I am working on setting up a Spark cluster in a multihomed network situation and have run into some problems. I'll start with the physical configuration.
I have 12 nodes all in a rack that have an inter-rack 100G infiniband network using ipoib and a 1G management network.
Spark works great when I run jobs from the master node on the cluster but now I am trying to do jobs from my workstation which is connected to the management network which is where I ran into trouble.
All of the spark nodes have their hosts file point to the infiniband network as I want them to communicate over that network. I had to set SPARK_MASTER_HOST for the master node to 0.0.0.0 in order to even be able to connect to the master from my workstation.
Now I can create a SparkSession and perform operations but it always hangs and when I look at the logs of the workers I see that they are getting a "No route to host" error. It seems that even though the default route on the node is set to the management subnet it is trying to connect back to the client using the infiniband network. (I should point out that I can ping my workstation from all of the clients so I know that the networking route is fine. Also all of the firewalls are off at the moment)

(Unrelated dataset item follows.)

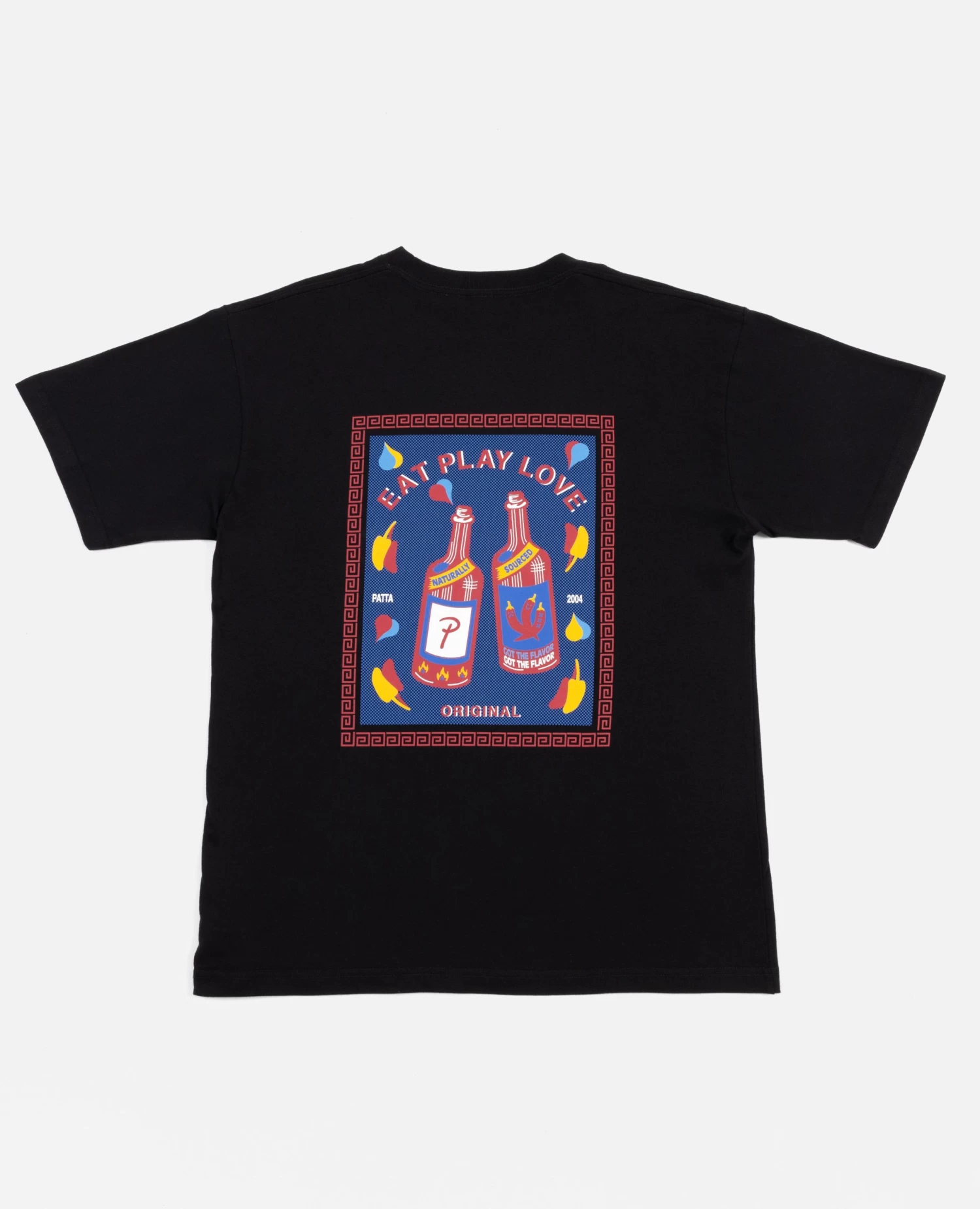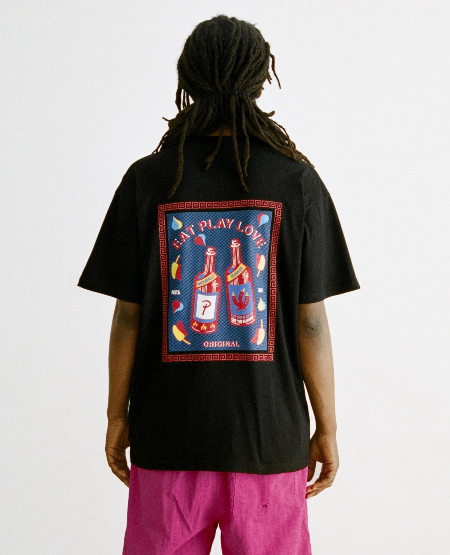 The Patta Salsa T-Shirt is produced in 180gsm cotton. It features a screenprinted Patta script logo at the left hand side of the chest. The back is adorned with a screenprinted Salsa artwork. Available in three iterations.

As a side note, because of this setup, the spark master web interface doesn't work very well because all of the links to the workers point to the infiniband IP address so it always fails, but if you just change the IP manually in the address bar to the correct subnet it works. This would be nice to fix as well but its not really that big of a deal.
I tried looking through the spark documentation but I didn't really find anything that looked helpful, I tried playing around with some of the network settings but I haven't had much luck. I have a hard time believing that spark doesn't support having a private network but maybe that is the case.
I appreciate any help or ideas you guys can give me.